Output the data in full. Keep every word exact and exclude the pictures.

**Given information:**
┄┄┄┄┄┄

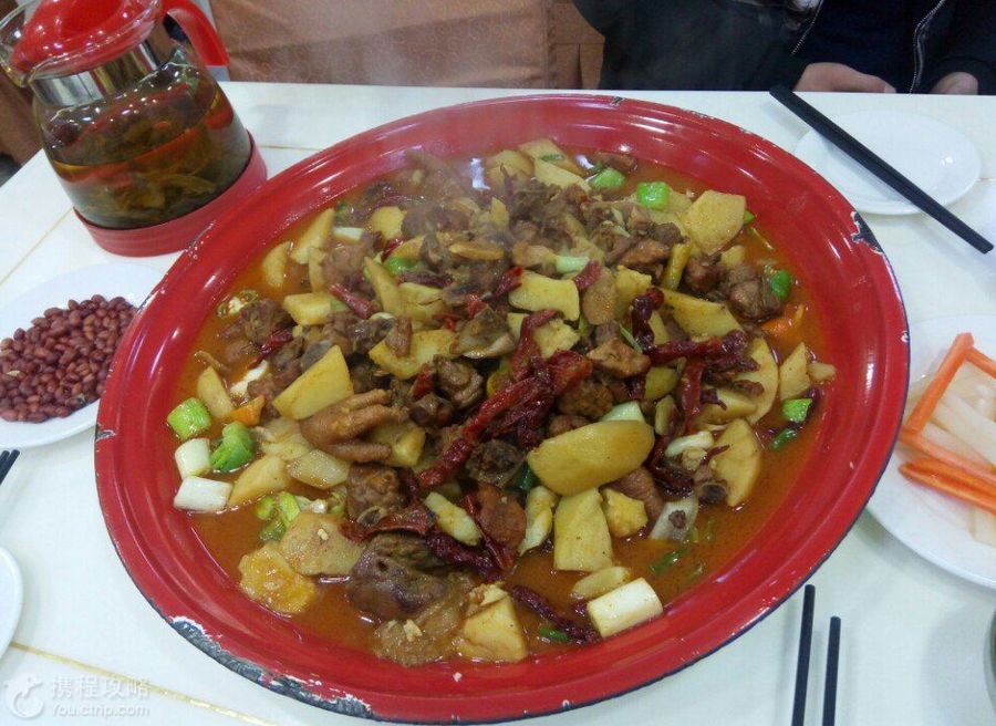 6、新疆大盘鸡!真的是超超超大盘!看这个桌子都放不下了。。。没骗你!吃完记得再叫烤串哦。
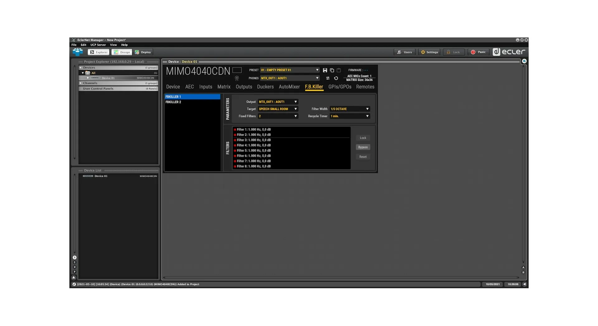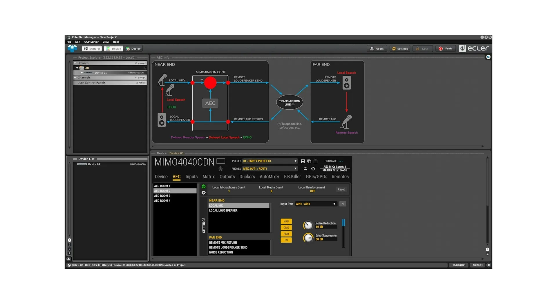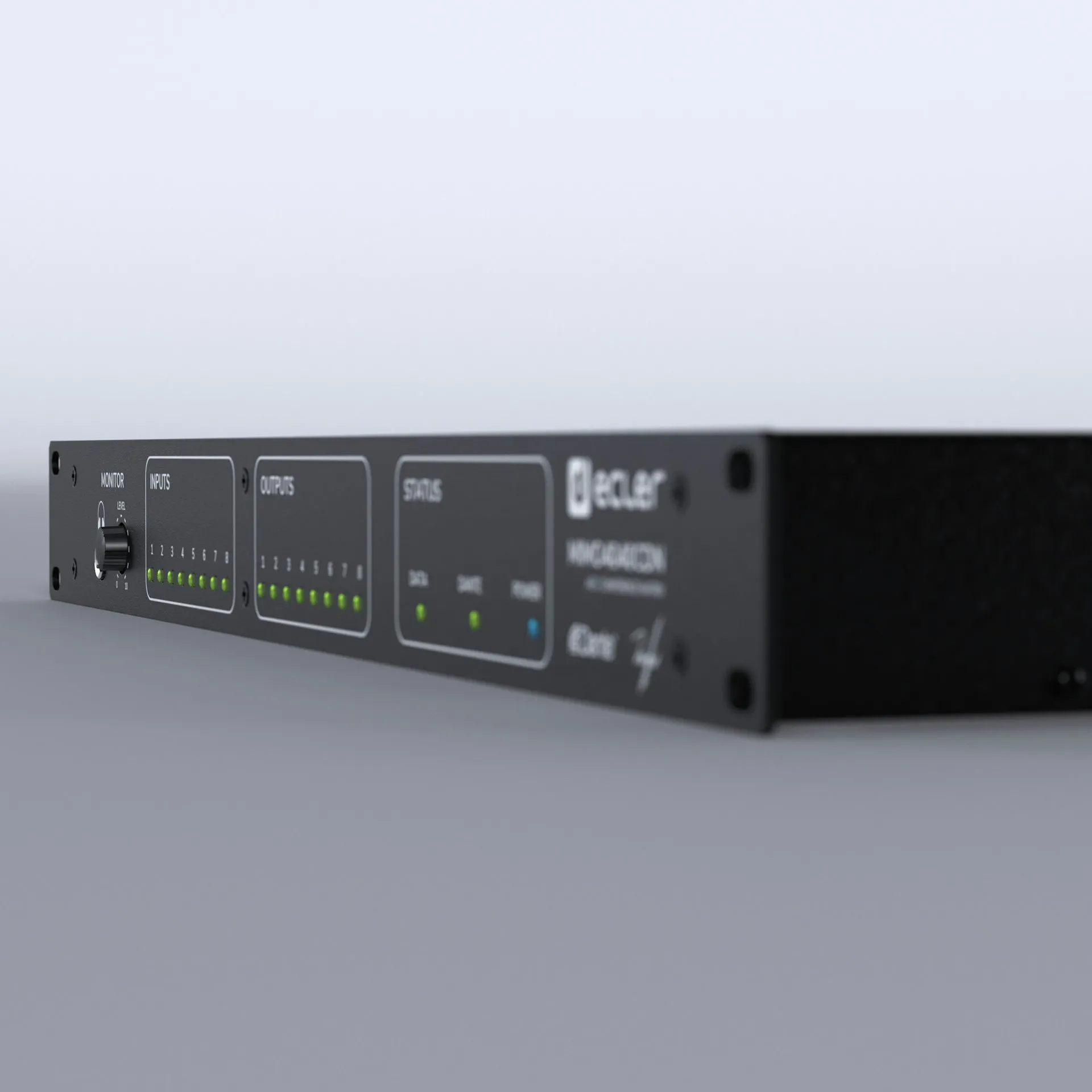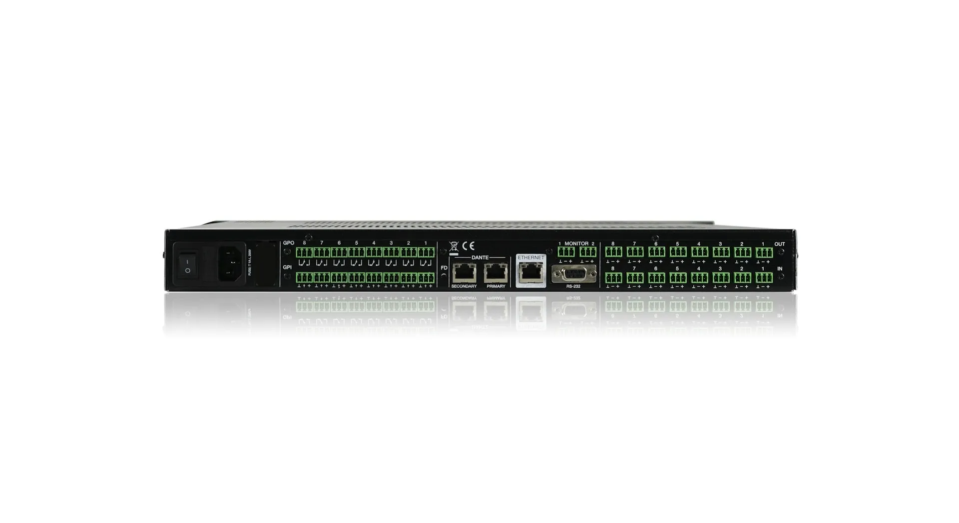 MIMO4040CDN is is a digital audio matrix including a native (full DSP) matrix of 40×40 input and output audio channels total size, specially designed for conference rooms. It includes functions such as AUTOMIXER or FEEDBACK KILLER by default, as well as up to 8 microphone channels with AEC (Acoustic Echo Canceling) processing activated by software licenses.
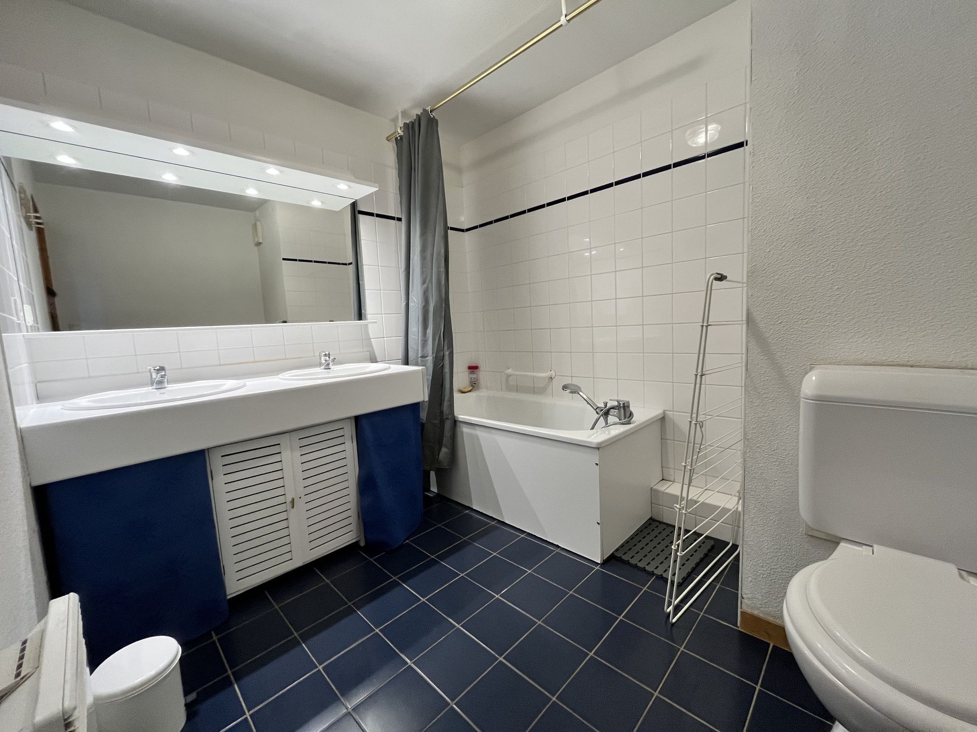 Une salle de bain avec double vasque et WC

┄┄┄┄┄┄

**Result for this task:**
 6、新疆大盘鸡!真的是超超超大盘!看这个桌子都放不下了。。。没骗你!吃完记得再叫烤串哦。
 MIMO4040CDN is is a digital audio matrix including a native (full DSP) matrix of 40×40 input and output audio channels total size, specially designed for conference rooms. It includes functions such as AUTOMIXER or FEEDBACK KILLER by default, as well as up to 8 microphone channels with AEC (Acoustic Echo Canceling) processing activated by software licenses.
 Une salle de bain avec double vasque et WC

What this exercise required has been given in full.